ALl advice much appreciated


----------



## Ilovemycam (May 7, 2013)

motion blur from shutter speed, focus, poor lens, dirty lens, subject moving (maybe sharpen RAW, but prob not.)

Shoot a dollar bill on a tripod and see how sharp your set up really is.


----------



## kathyt (May 7, 2013)

I really can't tell too much, but it looks like your focus did not fall on your subjects face. Your image is also really underexposed, histogram pushed all the way to the left, which will have an impact on quality as well.


----------



## Derrel (May 7, 2013)

I must agree with kathythorson, the focus seems to be off...it's just not focused properly.


----------



## pixelwhip (May 7, 2013)

a combination of things.

1) kit lens shot wide open (try stopping down 2 stops for better sharpness)
2) shot with slow shutter; a bit of motion blur
3) shot with UV filter on lens
4) not enough diffussed light, what light is there looks pretty hard (on-camera flash?)


----------



## Photonoob1 (May 7, 2013)

pixelwhip said:


> a combination of things.
> 
> 1) kit lens shot wide open (try stopping down 2 stops for better sharpness)
> 
> ...


 - 

It was shot with a flash at around 7pm in Boston (pretty low light)

What do you recommend shutter speed to be? I figured 1/100 would be decent for a relatively still subject

- no UV filter

This isn't the kit lens, it is this guy -http://www.bhphotovideo.com/bnh/controller/home?O=&sku=425812&is=USA&Q=&A=details

Does hard light ruin image quality like this?


----------



## Photonoob1 (May 7, 2013)

Maybe I should get my lens looked at?


----------



## David444 (May 7, 2013)

.


----------



## Photonoob1 (May 7, 2013)

David444 said:


> What are the exif settings for the photo? Are you choosing the focus point or are you letting the camera choose it for you?



Here you are.\

That was auto focus, most likely on her right eye.


----------



## SCraig (May 7, 2013)

Photonoob1 said:


> \
> 
> That was auto focus, most likely on her right eye.


Actually it looks to me like the focus was on the bracelet on her right arm.  It seems to be more in focus than her face.

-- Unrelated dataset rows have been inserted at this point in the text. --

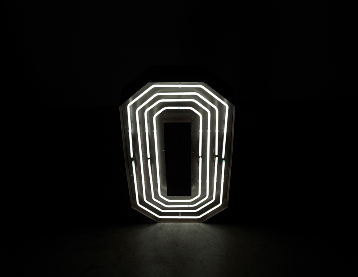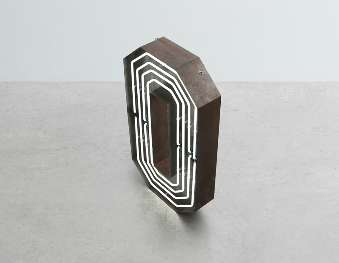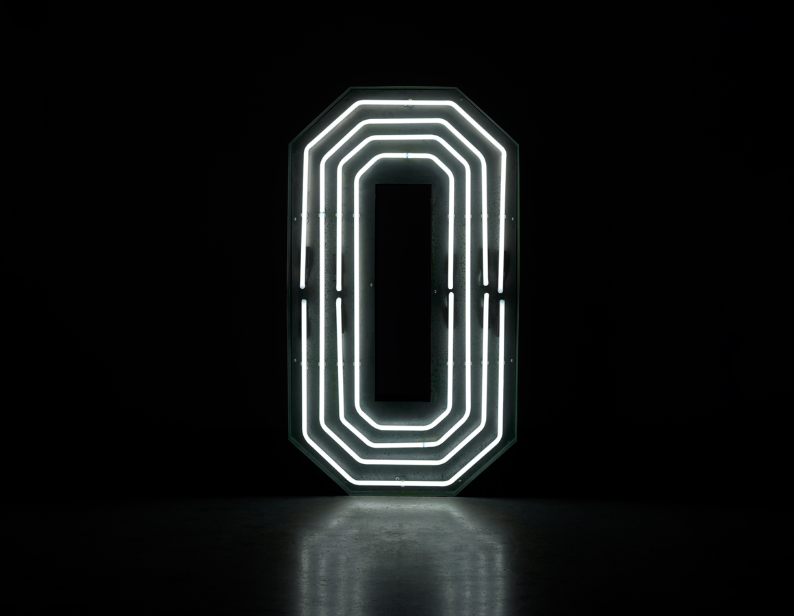 number ‘0’ multi line white neon mounted within an aged steel open front trough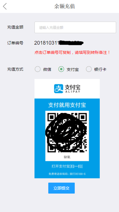 6. 充值为二维码充值,前台扫码充值时,随机生成一个订单号,填写到转账备注,后台审核通过自动到账。(可以选择三种充值方法,1、微信 2、支付宝 3、银行卡。需上传对应的二维码)注:可生成充值订单号有,有利于查看。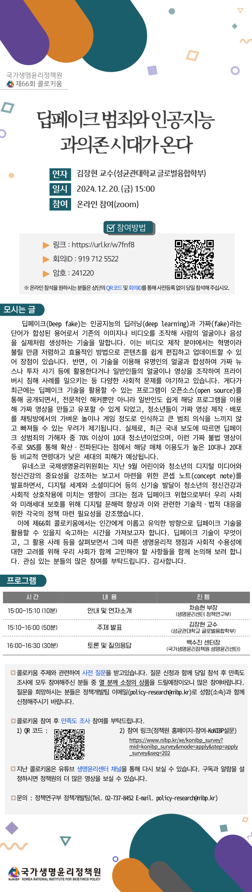 (24/12/20)​ [국가생명윤리정책원] 제66회 콜로키움 「딥페이크 범죄와 인공지능 과의존 시대가 온다」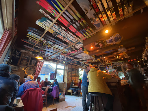 Étant de passage dans ce petit village, nous avons été fort heureuse de trouver ce charmant café. On nous a accueilli avec le sourire et une musique des plus déconcertante. Pleins de bières à la cartes et de nombreux skis au plafond, en veux tu en voilà. Une jolie mangeoire vous attendra devant la porte d'entrée et vous permettra ainsi d'être écolo et de ne pas jeter votre mégot par terre. Les banquettes sont d'un confort ultime et les nombreuses tables vous permettront de trouver une place quoi qu'il arrive. Les toilettes contiennent même un lavabo et du savon ce qui nous ravie en cette période de crise sanitaire....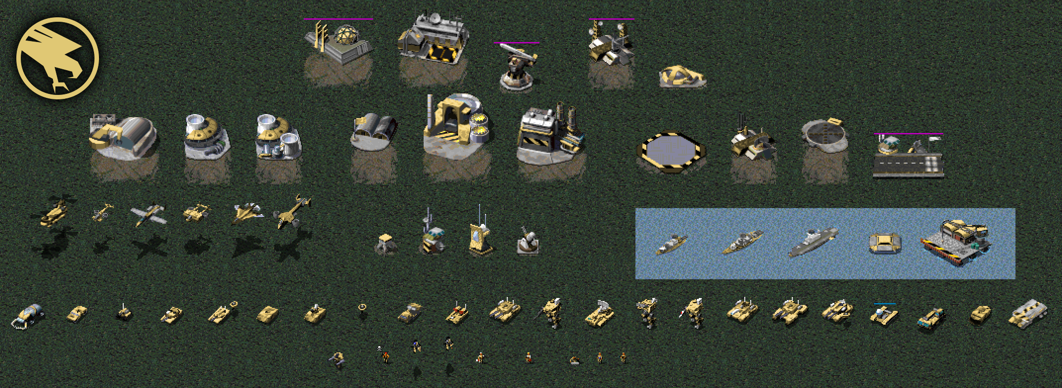 Aquí están todos, los Talon de GDI con sus Wolverine, la Black Hand de Nod con su multitud de tropas, etc. Aunque también hay que admitir que no están TODAS las sub-facciones de los aliados y los soviéticos de Red Alert, pero sí encontraremos una gran variedad. ¡Están hasta los Scrin!

The image was shot at f/2.8.  No lens is at its sharpest at maximum aperture, you need to stop it down a couple of stops to get the sharpest image from it.


----------



## David444 (May 7, 2013)

.


----------



## Overread (May 7, 2013)

David444 said:


> If you can get a sharp photo using manual focus then you have an AF problem.



Note that this does not mean that the AF is broken, it means more likely that you've used it incorrectly. 

How have you got the AF on the camera currently setup? Go through your motions, settings and process for taking a photo and we'll be able to see what steps and settings you have and give suggestions as to where you can make improvements.


----------



## runnah (May 7, 2013)

Ilovemycam said:


> Shoot a dollar bill on a tripod and see how sharp your set up really is.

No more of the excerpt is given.